Westminster council hears proposal for Wakefield Valley

The future of the former Wakefield Valley Golf Club may be beginning to take shape as the Westminster City Council heard a draft concept proposal for the more than 180-acre site off Bell Road on Monday night.

The proposal, brought to the council and mayor by Pinkard Properties, would involve several sports fields, indoor athletic space, educational space and gardens.


The City of Westminster controls the property and the site is currently used as a park with 4.5 miles of trails and 11 ponds — formerly used as water hazards — now home to wildlife.

The property includes three structures: the fenced-off Durbin House, the old clubhouse and a facility for storage.


In 2014, the city reached an agreement to take over maintenance of the property, which the city has said for years it wants to see developed into a community resource.

The Westminster Mayor and Council is expected to hear a proposal for the former Wakefield Valley Golf Course next Monday at a workgroup session.

The Wakefield Valley Task Force, which was created to help formulate a plan for the site, heard five proposals for the property before cutting the list to three. The task force then asked those three developers to work together on a single proposal.

Athan Sunderland, executive vice president at Pinkard Properties, provided the council and about 100 community members who gathered at the Westminster fire hall for the meeting with a look at what Pinkard envisions for the site.

Sports fields, Sunderland said, would be the backbone of the project, along with indoor recreation facilities and trails.

The site could also be home to an amphitheater, an educational center, a skate rink and a cable park — a water sports facility that Sunderland said would take advantage of some of the property's lower lying areas.

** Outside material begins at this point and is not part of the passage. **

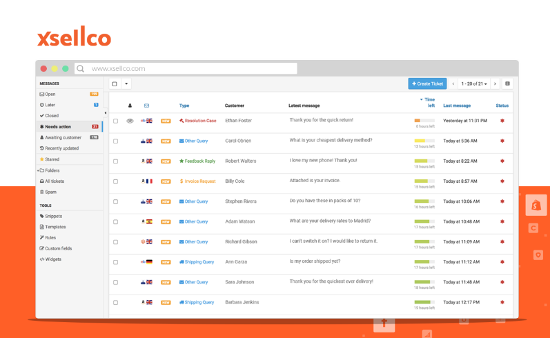 xSellco Helpdesk es el único servicio de ayuda . Centralice todas las consultas de los clientes y los detalles de los pedidos de cada canal de ventas en un tablero conectado. xSellco prioriza su bandeja de entrada en función de la urgencia de los mensajes, así como los subprocesos de todas sus ventas, envíos e información de pedidos, por lo que nunca debe buscar datos de clientes. Las respuestas sugeridas y la traducción automática del idioma reducirán los tiempos de respuesta, lo que significa que habrá más clientes satisfechos.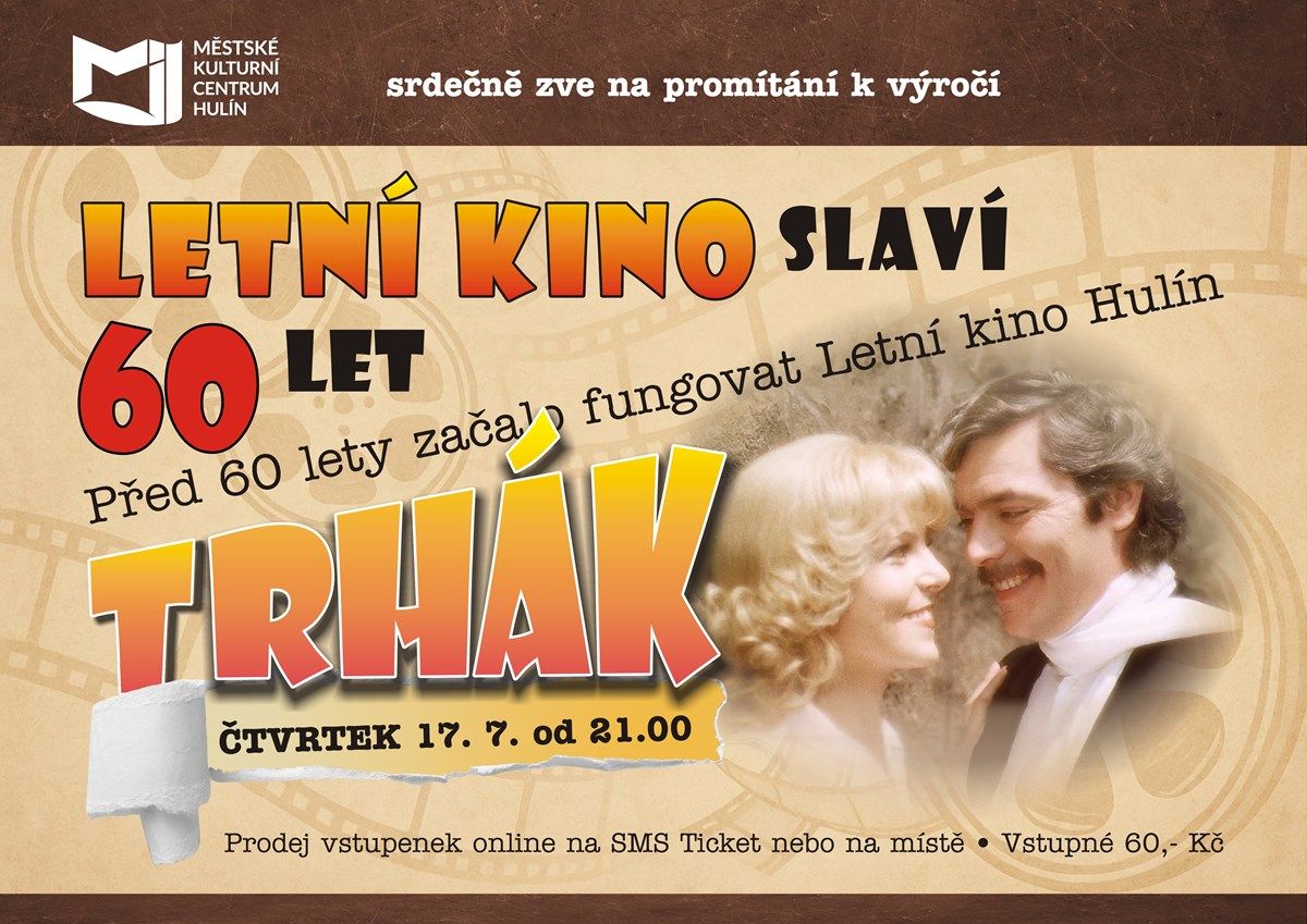 Ve čtvrtek 17. 7. 2025 se uskuteční speciální promítání k 60. výročí letního kina Hulína. Promítat se bude český film TRHÁK, který přesně před 60 lety zahájil provoz letního kina. Začíná se promítat od 21:00 (dle počasí). Cena vstupenky je 60 Kč.

Silver Linings Lavender, run by 2013 Carroll Biz Challenge Winner Dawn Pritchard, would also maintain a lavender field and several gardens.

Other amenities, such as lighting and parking, would also be necessitated to operate the park, Sutherland said.

While much of the future of building space on the site would be determined in a design phase, Sunderland said there is an expectation that the historical building would be restored and the existing clubhouse would get a new roof. A utility shed on the site, he said, may have to come down. The only new buildings being considered for now, he said, would be the indoor facility space, which would mirror the size and shape of the clubhouse, and a new maintenance facility shed that could be built into the side of a hill with a living roof on top.

The project, Sunderland said, is expected to cost about $15-20 million for the initial phase of work, which is the only phase currently proposed. The money, he said will be sought from investors, meaning there will be no financial liability to the city, Sunderland said. If the development fails, he said, the city would not have to repay investors; it will only have to maintain the facility.

The fees, he said, would be in line with costs to rent other municipal facilities or lower. Instead, he said, things like food and beverage sales would help to fund the park.

"We're not going to build this on the backs of moms and dads," Sunderland said, noting that one of the group's priorities is to provide kids in the area with better access to sports facilities.

Although some community members said they would appreciate access to more sports amenities, many meeting attendees expressed reservations about the plan.


From traffic concerns to parking and lights, speakers who said they lived near the site said they worried about the effect the park could have on their lives and property.

Several meeting attendees also questioned the logistics of the cable park.

Sunderland said the facility would not resemble an amusement park, like some fear. But if the community opposes the idea, Pinkard can reconsider, he said.

"If it is such a thing where the community is not going to support us, we just don't do it. That's OK," he said.

"It's a process," he told the group. "If we don't have community support, we don't have a project."

In the end, Sunderland told the group, the proposal is far from final.

"Quite frankly these are some things that allow us to start a conversation," he said.